Background information
- Also known as: Pick Withers, Pique Withers, Pic Withers
- Born: David Withers 4 April 1948 (age 78) Leicester, England
- Genres: Roots rock, folk rock, pub rock, R&B
- Occupations: Musician, producer
- Instrument: Drums
- Years active: 1964–present
- Formerly of: Dave Edmunds; Magna Carta; Dire Straits;

= Pick Withers =

English drummer (born 1948)

David "Pick" Withers (born 4 April 1948) is an English drummer.

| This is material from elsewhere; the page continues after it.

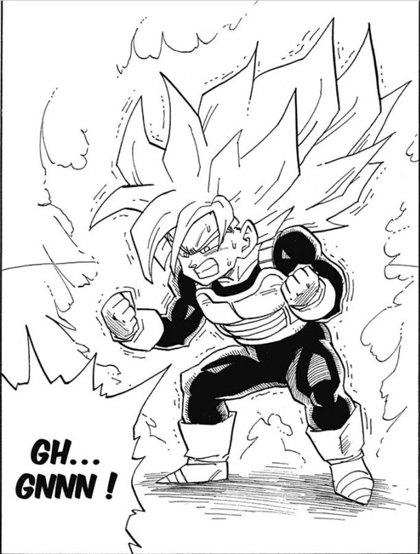 Il s'agit de la première transformation de Son Gohan, qu'il atteint péniblement après un long entrainement avec son père, Gokû, dans la salle de l'esprit et du temps. Gohan se sentait faible, incapable d'aider ses amis, alors pour se rattraper il a décidé de s'entrainer sérieusement.
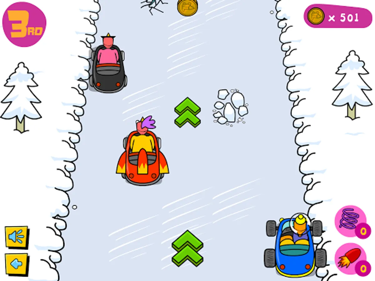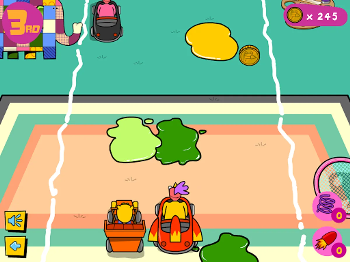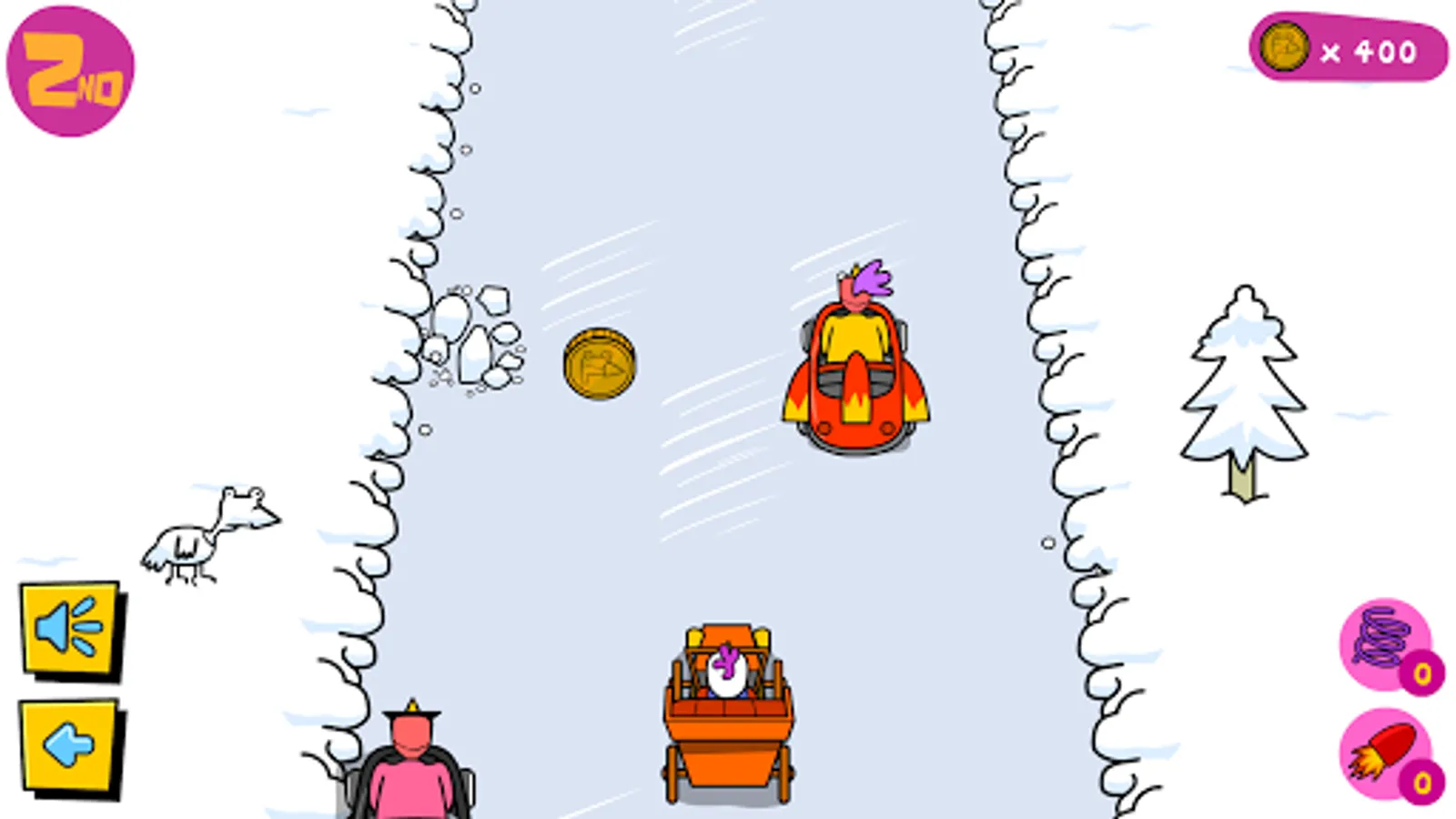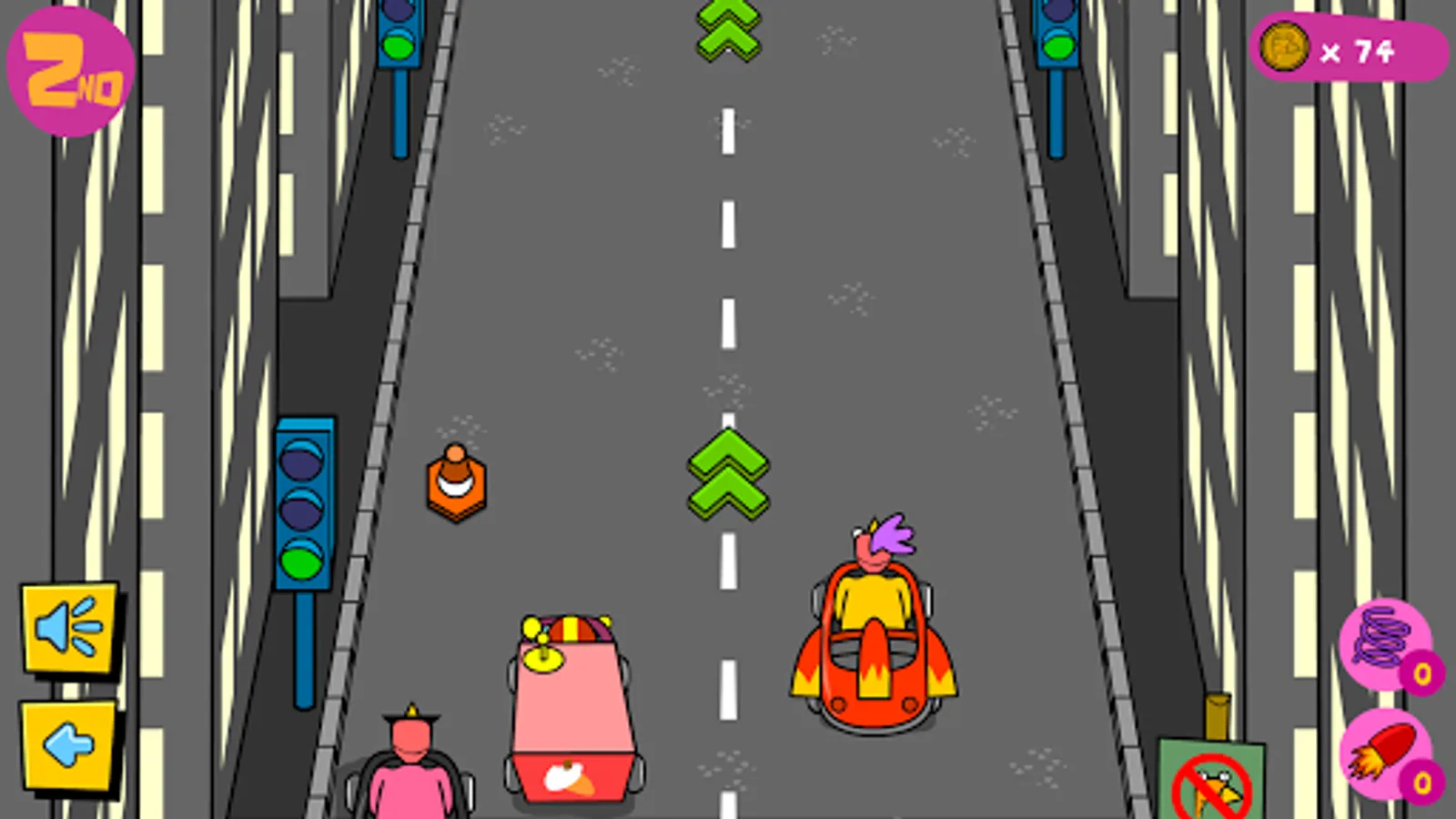 Busy Things' most popular game is now available as an app! Help the chicken build the fastest car and race your way to victory on 11 colourful tracks! Tap the edges of the screen to move side to side and try to avoid obstacles while collecting coins and boost pads. The app version comes with many additional features! With 4 possible race speeds and dozens of car combinations, this game will provide hours of racing fun for your child. The difficulty changes based on how well you play, making it appropriate for younger and older children alike.

He was the original drummer of the rock band Dire Straits and played on their first four albums, which included hit singles such as "Sultans of Swing", "Romeo and Juliet" and "Private Investigations". Withers was inducted into the Rock and Roll Hall of Fame as a member of Dire Straits in 2018.

== Biography ==
Taught by childhood friend Richard Storer, Withers first played a drum in the Boys' Brigade in his home city of Leicester. He became a professional musician at the age of 17, in an Italian band called The Primitives. This was followed by a band called Spring who had a record contract but little success; they released one album on the RCA label. In the mid-1970s Withers was a house drummer at Rockfield Studios near Monmouth, Wales. He played on records by Dave Edmunds, Michael Chapman, Hobo, the John Dummer Band and the Gary Fletcher Band, amongst others. He was also briefly with Magna Carta.

His nickname has been subject to some variations in spelling. During his time with Spring, he was billed as "Pique Withers". He is billed as "Pic Withers" on the second Brewers Droop album.

Withers has also studied at Drumtech drum school in London.

== Dire Straits ==

He met Mark Knopfler c. 1976 in North London. Knopfler called around to the house Withers was living in to borrow Simon Cowe's reel-to-reel tape recorder, and recorded some music with Withers that same day. Withers was briefly a member of folk-rock outfit Magna Carta in 1977, but once Dire Straits gained a recording contract, turned to drumming for that band full-time.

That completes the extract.